Tuesday, February 24, 2009

Job, part 4

With all the poor economic new these days, part of me says 'don't even bother standing up for yourself, just hunker down and keep on earning money as long as you can.'

I'm not optimistic about how the economy will shake out in the short term. As much as I hope Obama can do wonders, I think things are way beyond any one's ability to move them in any direction in the short term; we just need to wait things out, and try not to damage ourselves in the short run.

In my situation, I feel torn in multiple directions. In terms of economic self-preservation, the aforementioned policy of don't make waves, just do your job, get paid, and just hope the economic meat-axe wont reach too deep when they need to cut next.

There's the side of wanting to stand up for myself, of taking care of my self-respect, that I find myself oddly expecting more of myself and willing to take more of a risk than I would have had all of this change of management organization hadn't taken place. Strange, huh?

This whole change or moving me from a managerial role into what I see as a single focused contributor had oddly left me with, among other things, a sense of freedom. Whereas previously I felt responsible for what felt like a long list of all sorts of things (I used to liken it to a circus acrobat with dozens of plates in the air), that has all changed, at least for now. Sometimes I want to laugh because of the weight that was lifted from me.

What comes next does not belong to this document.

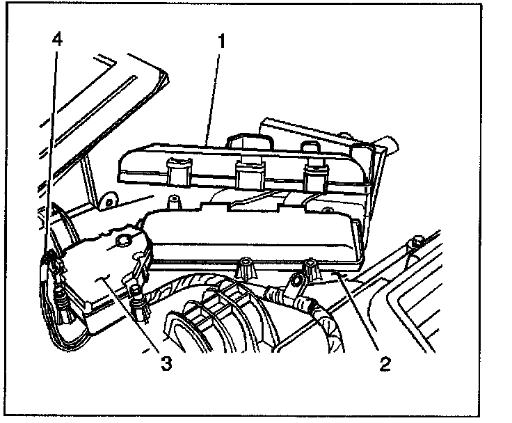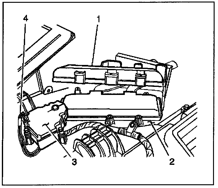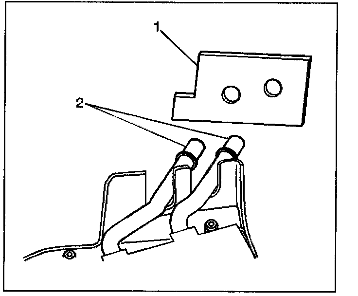 3. Remove the heater core cover (1) from the HVAC module assembly (2).

As a manager, I felt I had to keep tabs on those in my group, keep my ears to the group about news affecting people at my level and at my manager's level, be aware more or less what went on in various other groups in the office as much of what happened there affected my group, also I maintained the computer lab so there was all lab-related networking, software and hardware maintenance, keeping up with corporate news both internal political and IT-network events and plans, be aware of all sorts of upcoming changes in products, release dates, rumors, and also maintain older systems as they were always needed (I was frequently asked: "Do you have such-and-such a system? I need one because..."), and so on.

Now, it seems like I focus on one-tenth as much. While I did mention a while back that I probably am the person with the most experience doing the current work that I do, it is so far so relatively narrow compared with previously, that I feel I am daily missing something, like I accidentally forgot to take my left arm with me when I left home this morning.

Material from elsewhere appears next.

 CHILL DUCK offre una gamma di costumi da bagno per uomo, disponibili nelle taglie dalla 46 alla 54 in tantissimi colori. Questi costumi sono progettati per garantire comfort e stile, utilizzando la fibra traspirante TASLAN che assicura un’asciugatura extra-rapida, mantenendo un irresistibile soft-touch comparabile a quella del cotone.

One thing I can say, it does take me out of the direct line of fire. Sometimes I feel that might have been the plan in the first place. But I cannot say for sure, and I won't be asking anyway.

But being out of the line of fire also potentially means more expendable. As a result of all of this and my reaction to it, I have climbed a little higher on the 'high maintenance' scale. Does that make me more vulnerable in terms of potential layoffs? Probably, but it is too early to say how much. At the moment they have much more pressing matters to deal with.